- Supplied data

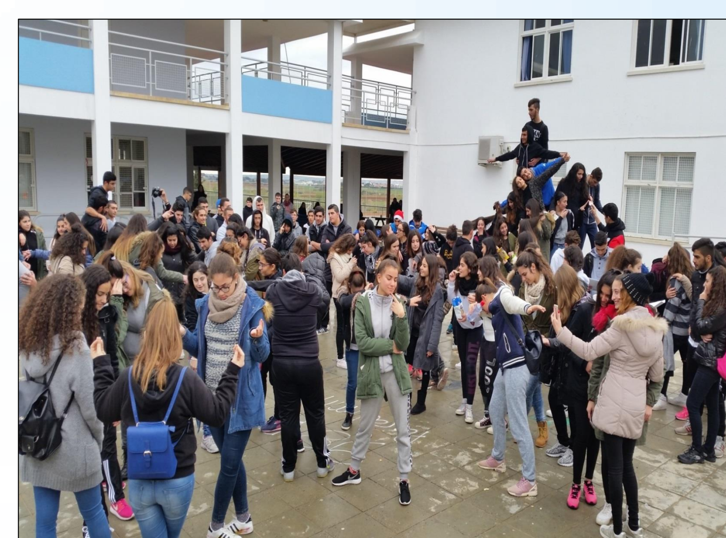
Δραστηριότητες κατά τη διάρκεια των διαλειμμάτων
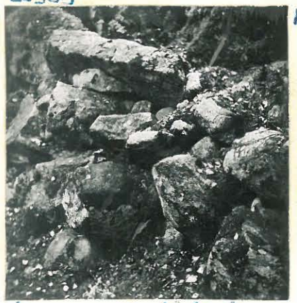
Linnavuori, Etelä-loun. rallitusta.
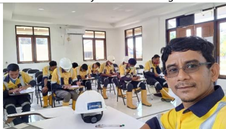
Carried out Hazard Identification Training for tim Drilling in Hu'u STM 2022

- Directions for this task
The lines to repeat run from the line containing "Linnavuori, Etelä-loun. rallitusta." through the last line of the material above; give them exactly, without the pictures.

- Completed task
Linnavuori, Etelä-loun. rallitusta.
Carried out Hazard Identification Training for tim Drilling in Hu'u STM 2022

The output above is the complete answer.